Records from a collection
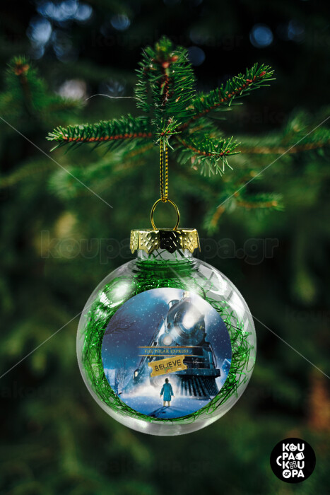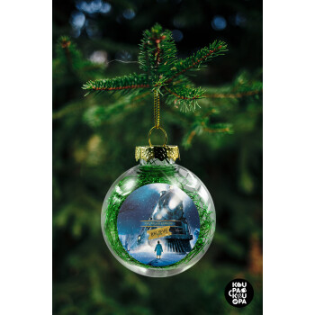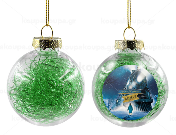 Το πολικό εξπρές, Στολίδι Χριστουγεννιάτικη μπάλα δένδρου διάφανη με πράσινο γέμισμα 8cm
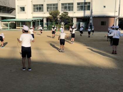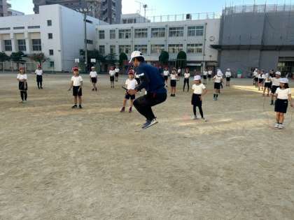 運動能力向上授業では、なわとびをしました。山村先生に教えていただいたコツを使って、あやとびや二重跳びなどを上手に跳べるようになりました。
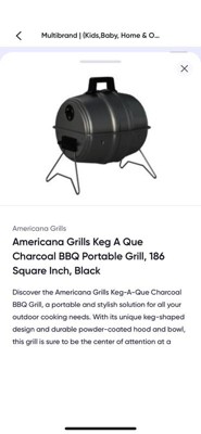 Americana Grills Keg A Que Charcoal BBQ Grill, Portable Outdoor Barbecue with Durable Powder Coated Hood and Bowl, 186 Square Inch Cooking Area, Black
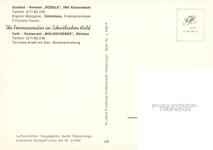 73866942 Kaisersbach Welzheim Fliegeraufnahme mit Gasthof Pension Roessle postalisch nicht gelaufen Erhaltung siehe scans [WerneD78] KatCode: 11110008119037
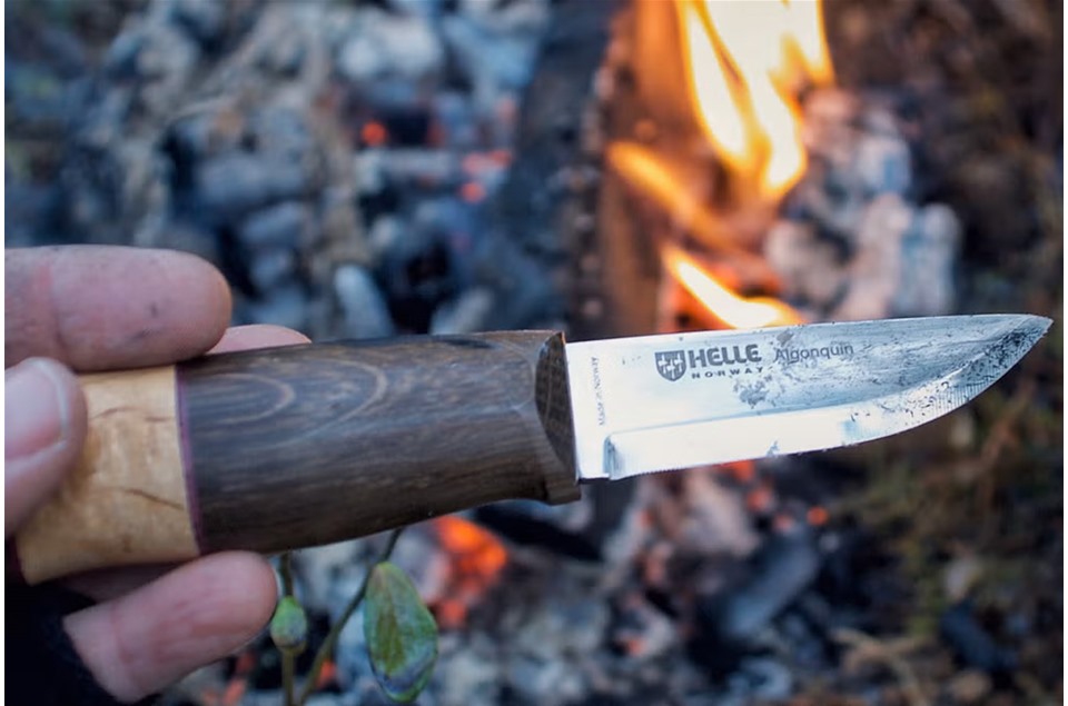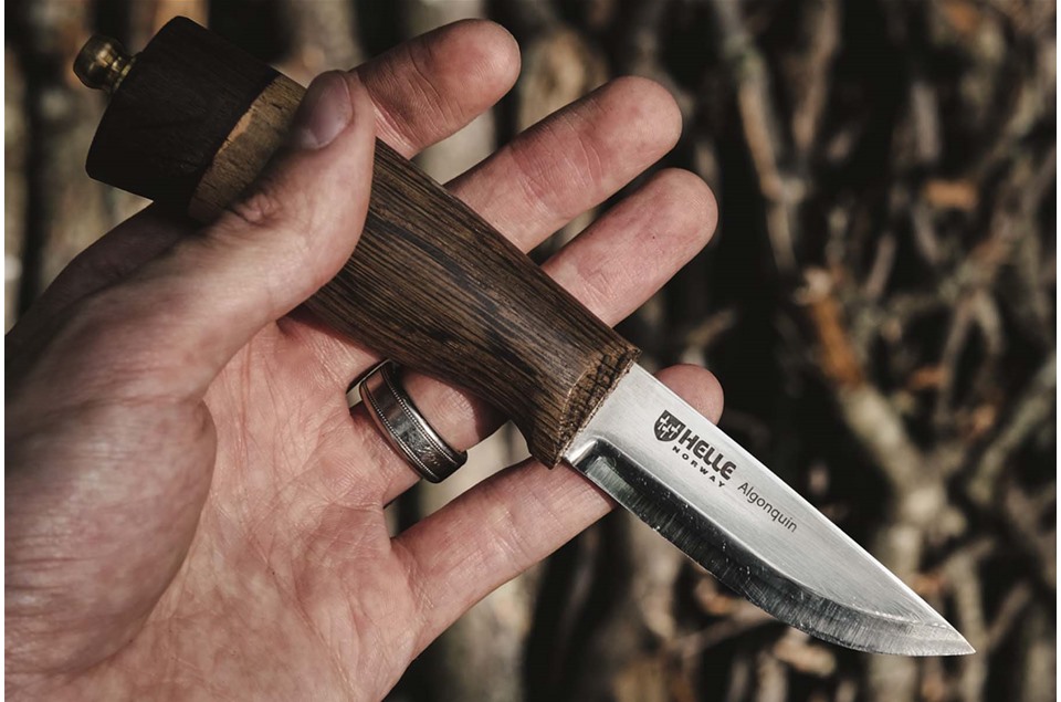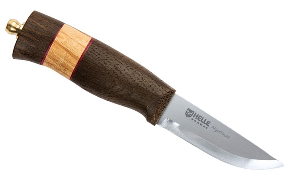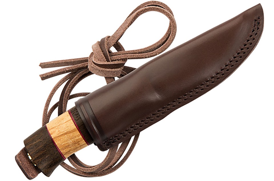 Handmade in Norway using darkened oak, curly birch and red leather inserts, the handle shape features a slight pommel at the end, as well as a small finger guard and thumb notch for maximum dexterity and superior handling. The 69 mm blade is made with Helle's triple laminated stainless steel for unparalleled strength, sharpness and corrosion protection.

# Prompt
Write out the records word for word. Pictures stay out.

# Problem solution
 Το πολικό εξπρές, Στολίδι Χριστουγεννιάτικη μπάλα δένδρου διάφανη με πράσινο γέμισμα 8cm
 運動能力向上授業では、なわとびをしました。山村先生に教えていただいたコツを使って、あやとびや二重跳びなどを上手に跳べるようになりました。
 Americana Grills Keg A Que Charcoal BBQ Grill, Portable Outdoor Barbecue with Durable Powder Coated Hood and Bowl, 186 Square Inch Cooking Area, Black
 73866942 Kaisersbach Welzheim Fliegeraufnahme mit Gasthof Pension Roessle postalisch nicht gelaufen Erhaltung siehe scans [WerneD78] KatCode: 11110008119037
 Handmade in Norway using darkened oak, curly birch and red leather inserts, the handle shape features a slight pommel at the end, as well as a small finger guard and thumb notch for maximum dexterity and superior handling. The 69 mm blade is made with Helle's triple laminated stainless steel for unparalleled strength, sharpness and corrosion protection.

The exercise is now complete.